American biochemist, educator

Dagmar Ringe (born February 20, 1942) is an American biochemist, educator, and researcher. She is the Harold and Bernice Davis Professor in Aging and Neurodegenerative Disease at Brandeis University in Waltham, Massachusetts, and holds appointments in the departments of chemistry and biochemistry.

==Education==
Ringe received the bachelor's degree in chemistry from Barnard College in New York, New York, in 1963. She earned the doctoral degree in chemistry under the direction of George Hein at Boston University in Boston, Massachusetts, in 1969.

==Academic career==
Following postdoctoral research appointments at the Fakultat der Universitat Munchen in Munich, Germany and at the Massachusetts Institute of Technology (MIT) in Cambridge, Massachusetts, she became instructor and senior lecturer in the department of chemistry at MIT. She joined the faculty at Brandeis University in 1990 as Lucille P. Markey Associate Professor, promoted to Lucille P. Markey Professor in 1994. She became the Harold and Bernice Davis Professor in Aging and Neurodegenerative Disease at Brandeis University in 2006.

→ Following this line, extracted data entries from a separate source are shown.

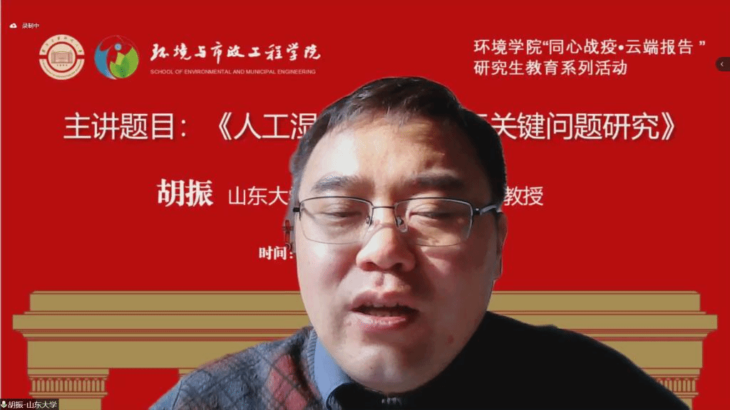第五期特邀山东大学胡振教授担任主讲嘉宾,胡老师以《人工湿地可持续运行关键问题研究》为题,首先对人工湿地的基本概念及特点进行了简要介绍,并结合人工湿地目前存在的问题,提出了有效提高人工湿地脱氮除磷的关键技术,即生物炭基人工湿地强化脱氮、“植物-动物-微生物”综合协同净化及人工湿地生物强化除磷技术;随后通过实际工程的应用案例进一步证明了上述技术的可行性。最后,与会师生就报告中的相关问题与胡老师进行了深入地探讨与交流。
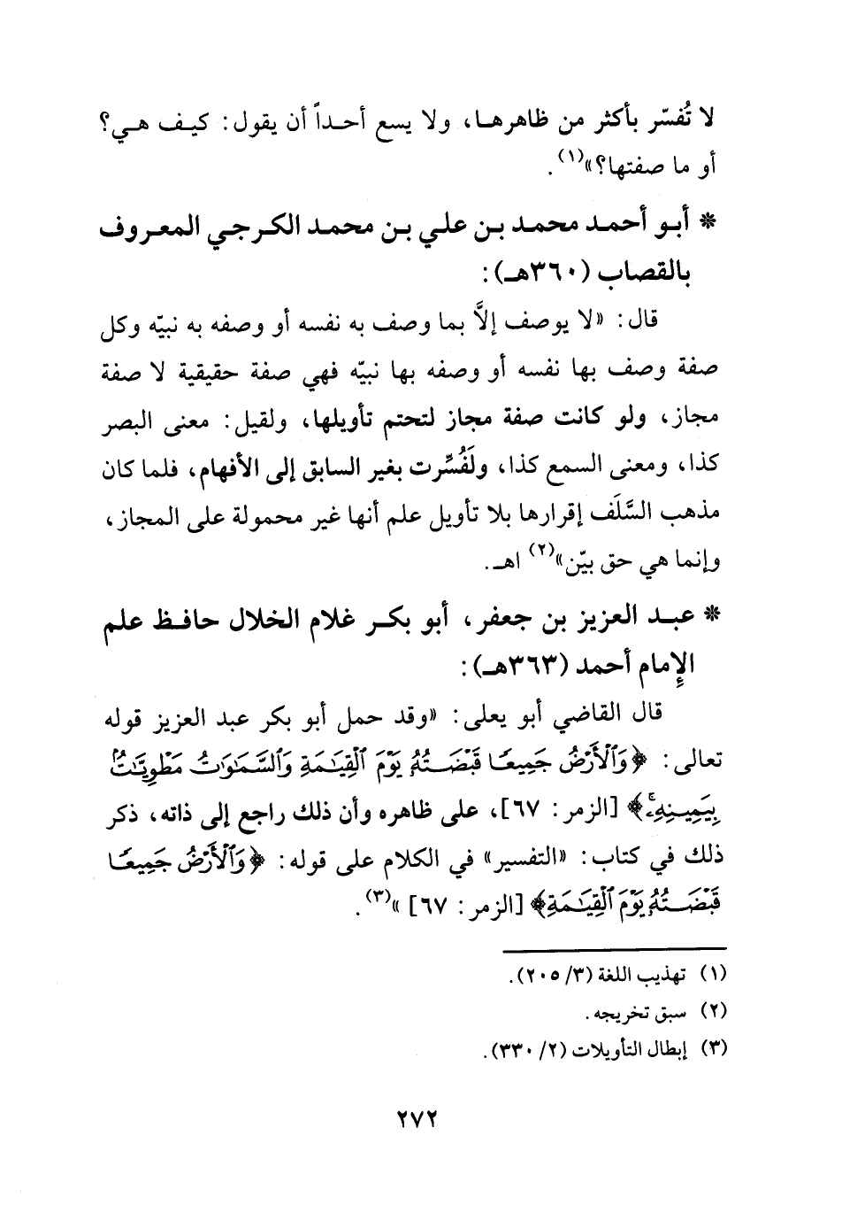 قال القاضي أبو يعلى: (وقد حمل أبو بكر عبد العزيز قوله تعالى {والأرض جميعاً قبضته يوم القيامة والسماوات مطويات بيمينه} الزمر67، على ظاهره وان ذلك راجع إلى ذاته، ذكر ذلك في كتاب "التفسير" في الكلام على قوله {والأرض جميعاً قبضته يوم القيامة} الزمر67 .. ) (¬2).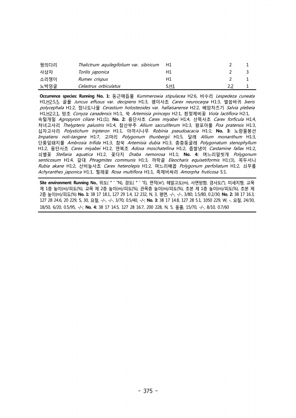 375 꿩의다리 Thalictrum aquilegifolium var. sibiricum H1 2 1 사상자 Torilis japonica H1 2 3 소리쟁이 Rumex crispus H1 2 1 노박덩굴 Celastrus orbiculatus S,H1 2,2 1 Occurrence speciesRunning No. 1둥근매듭풀 Kummerowia stipulacea H26, 비수리 Lespedeza cuneata H1,H25,5, 골풀 Juncus effusus var. decipiens H13, 괭이사초 Carex neurocarpa H13, 벌씀바귀 Ixeris polycephala H12, 점나도나물 Cerastium holosteoides var. hallaisanense H22, 배암차즈기 Sa...
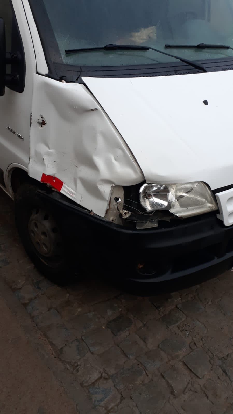 Uma Van pertencente ao Mercadinho Soares localizado na Rua Otaviano Cedraz em Ichu, ficou danificada após uma colisão com animal (jegue) na BA 411 próximo a Candeal.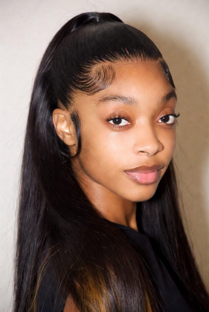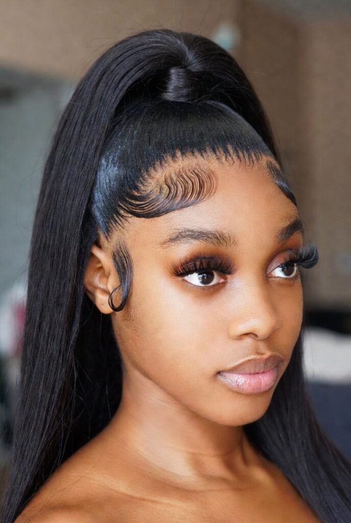 4. High Ponytail with Styled Edges

==Service to the discipline==
Ringe served as co-chair of the Gordon Research Conference on Enzymes, Co-enzymes and Metabolic Pathways in 1994 and was a member of the board of trustees of the Gordon Research Conferences (2000–2006). She was a program officer for the Program in Biophysics, Molecular and Cellular Biosciences, Division of Biology at the National Science Foundation (NSF) in 1997, 2000–2001 and 2010–2011 and served as deputy division director, molecular and cellular biosciences, Division of Biology, NSF, from 2012 to 2014. She was an associate editor of the Biophysical Journal (1999–2006) and is an editorial board member of the Protein Journal and Scientific Reports. She served as an advisor for the TV mini-series documentary The Mystery of Matter: Search for the Elements.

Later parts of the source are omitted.